4. The End Goal: (vs. 6-12) the writer knows that the end goal is and that is restoration of truth, wisdom and relationship. The writer wants to feel joy and gladness again as well as a restored relationship with God which comes from God not focusing on the sins of the writer. Finally the writer wants a clean heart (a new being) and desires that God uphold her.
5. The Response: (vs. 13-17) Being forgiven calls for a response. The writer’s response is to show others what right living looks like, to sing praises to God, to praise God in worship, offer up a broken spirit and contrite heart. All of these demonstrate that forgiveness has changes the person.
6. Late Addition: (vs. 18-19) the last two verses were probably added later to allow this Psalm to be used in worship.
Matthew 6:12: at issue here is, what is the appropriate English word which ought to be used to translate the Greek word opheilema? An exact translation would be “debt.” This is why we use debts and debtors. Some people have speculated that what is at issue is actual debts (debts we owe God and what others owe to us). However, this word has a nuanced meaning in Aramaic, which is that it refers to sin that indebts us to God, and sins which indebt others to us. So the best translation would probably sin. In my opinion trespasses does not appear to fit because there is nothing in the words dealing with violating God’s rules. In Luke the Greek word is hamartia, which is sin. So Luke focuses on the ideas of us being forgiven our sins and forgiving the sins of others.

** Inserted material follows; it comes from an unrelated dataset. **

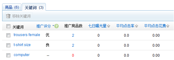 3、--为不能匹配和不能展示的关键词,建议移除或者添加匹配的产品

Forgiveness: the author offers us some good insights about forgiveness. First forgiveness does not require forgetting. In fact if we can forget what happened than I would question whether there is actually forgiveness. I say this because forgiveness is costly. If it does not cost us something in terms of pain, then it is not forgiveness. Second we need to remember that God loves us enough to forgive us; that none of us have ever done something that God cannot forgive (just look at the Apostle Paul who helped to murder the disciple Stephen). One thought that I would offer is that hating someone, or not forgiving, is like burning down our own house; meaning that our not forgiving hurts us more than the other person. When we hold on to the hate and pain we become crippled and we cannot become the people God wants us to be.
Summary: in the scriptures there is a link between what water does in the wilderness (bringing life where there is none) and what God does in forgiveness (bringing life where there is none). It is about restoration of life as it ought to be based on the foundation of God’s love for us. This is the starting place for all Jewish and Christian theology, the fact that God has a good outcome which God desires for each of us. And we reach this place by following the pattern laid out in the Psalm 51.
1. What is your response to being forgiven?
2. What is the most difficult part of forgiveness for you?
3. How would you explain the Prayer of Forgiveness we use every week to a new comer?